JP2617422B2 - Wafer prober and semiconductor wafer measuring method - Google Patents

Description

DETAILED DESCRIPTION OF THE INVENTION

[0001]

BACKGROUND OF THE INVENTION The disclosed technology relates to the technical field of measuring the electrical characteristics of a semiconductor wafer.

[0002]

2. Description of the Related Art In a semiconductor wafer prober which performs a final check step of a semiconductor wafer, recently, the size of the semiconductor wafer has been required to be large, super-integrated, and multi-pinned. In order to cope with the problem, a technique of processing by applying overdrive has been proposed.

[0003] As shown in FIGS. 3 and 4, the conventional general semiconductor wafer measurement technique employs a probe card 7.
Are provided at a lower portion substantially at the center of the head plate 21, and the tips of the needles 3, 4 (only two are shown for convenience of illustration) are all connected to the mounting table 5 before and after the attachment. The fulcrum 1 is arranged so as to keep the same height, and the fulcrum 1 which rotates with respect to the head plate 21 and the screw 6 which raises and lowers the application point 2 side with respect to the mounting table 5 of the semiconductor wafer 13 with respect to the application point 2 are provided. The probe card 7 is provided at a midpoint position on a straight line connecting the fulcrum 1 and the action point 2, and the tips 15, 16 of the needles 3, 4 are arranged side by side on the lower surface thereof.

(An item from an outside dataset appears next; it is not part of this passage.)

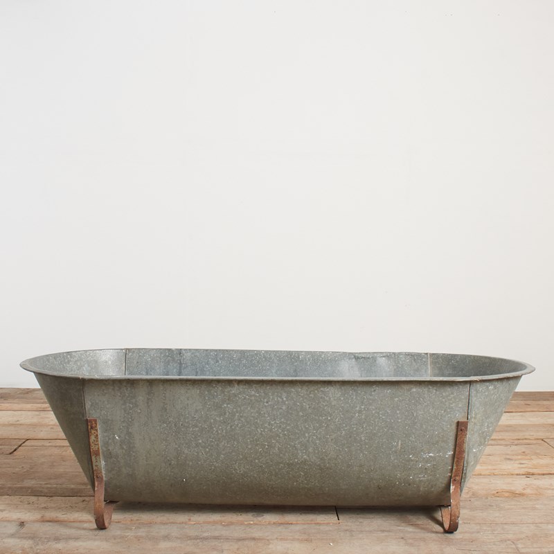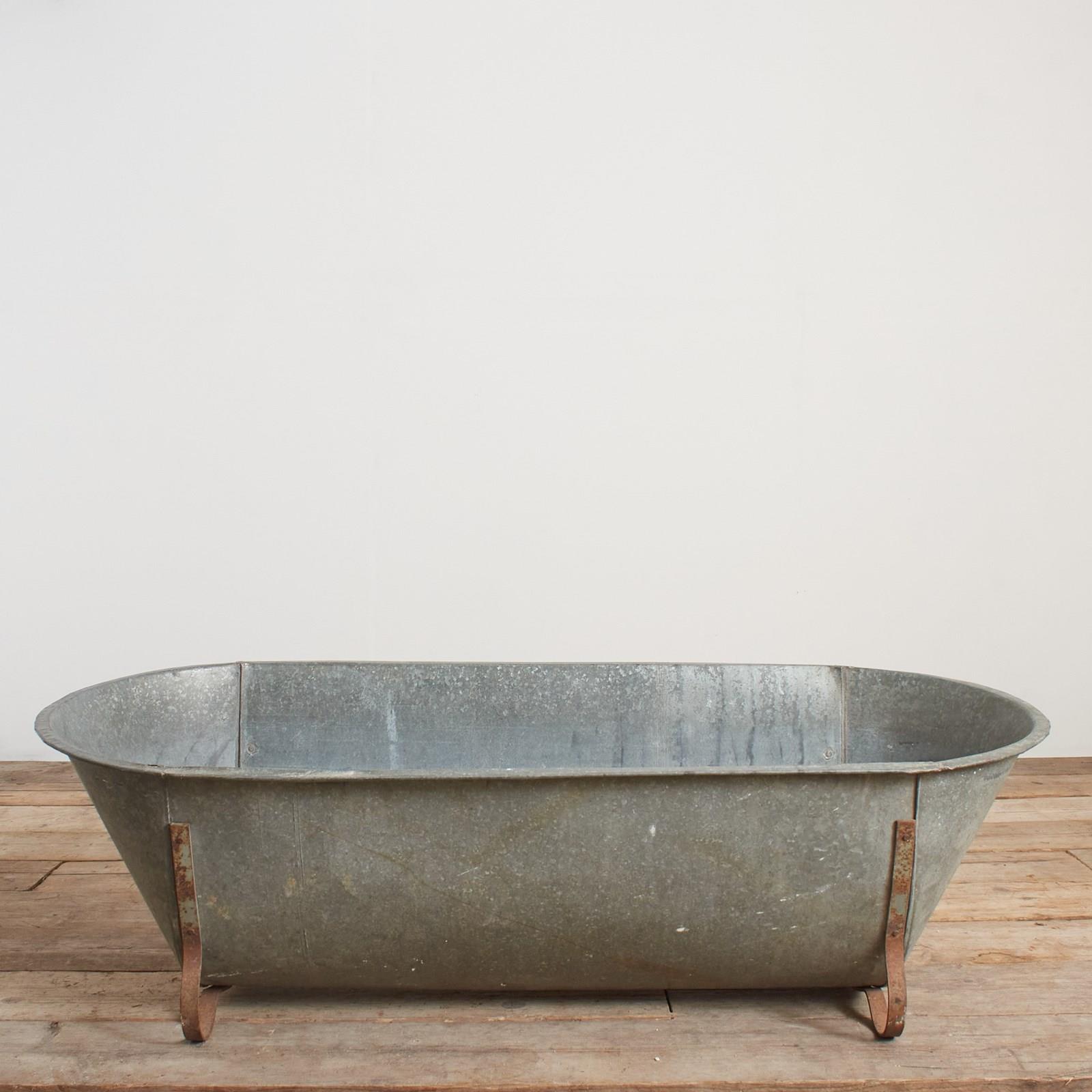 The bath tub is made of galvanised metal with galvanised feet.

[0004] The rotation of the screw 6 about the front fulcrum 1 at the front of the head plate 21 causes the opposite side of the head plate 21 to pivotally descend with respect to the mounting table 5 so that the semiconductor wafer on the mounting table 5 can be rotated. The measurement is performed in such a manner that the needle tips 15 and 16 are brought into contact with 13.

When the overdrive is applied, as shown in FIG. 5, the tip 16 of the needle 4 closer to the fulcrum 1 is placed in front of the tip 15 of the needle 3 closer to the other working point 2 by the semiconductor. When the screw 6 is rotated so that the needle tip 15 of the needle 3 which is in contact with the wafer 13 but is closer to the action point 2 comes into contact with the semiconductor wafer 13, the needle 3 which is closer to the action point 2 The needle tip 15 also contacts the semiconductor wafer 13 as shown in FIG. 4, but the needle tip 16 of the needle 4 closer to the fulcrum 1 is held down by the semiconductor wafer 13 during that time, and as shown in FIG. The needle L is bent in the vertical direction, and the gap L between the needles 4 and 3 is shifted by p.

[0006]

In such a state, applying overdrive from the outside in such a state results in applying uneven needle pressure to the entire electrode pad surface formed on the semiconductor wafer 13, The needles 3 and 4 may protrude from the electrode pads.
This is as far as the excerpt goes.